The invention of oxygenic photosynthesis has forever changed the face of the Earth by producing the oxygen present in our atmosphere. It is thought that this unique metabolism arose from the bacterial phylum, Cyanobacteria. Moreover, this group has significantly contributed to eukaryotic diversity via endosymbiosis, as a cyanobacterium is considered to be the progenitor of the original plastid organelle, more commonly recognized as chloroplasts in plants.

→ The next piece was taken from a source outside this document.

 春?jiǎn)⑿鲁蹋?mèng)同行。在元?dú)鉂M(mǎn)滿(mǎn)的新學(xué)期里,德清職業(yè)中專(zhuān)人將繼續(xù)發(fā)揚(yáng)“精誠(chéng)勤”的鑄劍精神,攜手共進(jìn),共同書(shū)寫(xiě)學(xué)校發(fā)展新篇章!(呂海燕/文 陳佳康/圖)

The antiquity of these events, dearth of convincing methodologies, and lack of conclusive evidence all contribute to the considerable challenges we face in understanding the timing of these major evolutionary and geological transitions. In order to address these problems, I have employed various techniques focusing on improving our understanding of the role of cyanobacteria and photosynthesis in shaping the world we have today.

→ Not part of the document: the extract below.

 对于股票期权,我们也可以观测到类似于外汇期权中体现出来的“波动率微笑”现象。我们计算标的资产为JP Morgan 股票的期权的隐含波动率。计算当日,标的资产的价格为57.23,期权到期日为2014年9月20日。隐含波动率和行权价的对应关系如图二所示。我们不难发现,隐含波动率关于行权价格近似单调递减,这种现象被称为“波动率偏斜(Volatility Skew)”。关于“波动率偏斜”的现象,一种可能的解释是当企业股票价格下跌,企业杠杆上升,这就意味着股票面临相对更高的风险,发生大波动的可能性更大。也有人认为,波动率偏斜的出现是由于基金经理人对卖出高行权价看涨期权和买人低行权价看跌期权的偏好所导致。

Evolutionary relationships are difficult to reconstruct due to phylogenetic noise (e.g. horizontal gene transfer and homoplasy), resulting in uncertainty in our ability to build accurate phylogenetic trees. In order to address this issue, fifty-four strains of cyanobacteria were chosen for genome sequencing based on improving the phylogenetic coverage of the phylum. Not only does the diversity-driven and phylum-level approach identify many novel genes, but it also clarifies the phylogenetic placement of various cyanobacterial subclades, protein families, and endosymbiosis events.
The timing of ancient events, such as primary endosymbiosis events, has primarily been dependent on the fossil record. This is problematic as microfossils are difficult to interpret and assign to extant lineages. Conversely, molecular clock methods have been just as widely varying. We devised a new approach to increase the amount of dating information incorporated into molecular clock analyses, improving the accuracy of the predicted dates. We date the plastid and mitochondrial endosymbiosis events to approximately 900 and 1200 million years ago, respectively.
Finally, I focus on the protein evolution of a specific protein crucial to photosynthesis: RuBisCO. Here, I use ancestral sequence reconstruction methods to predict, synthesize, and characterize ancestral versions of RuBisCO. We show that ancestral RuBisCOs have lower rates of carboxylation, reflective of the high CO2 and low O2 Precambrian atmosphere.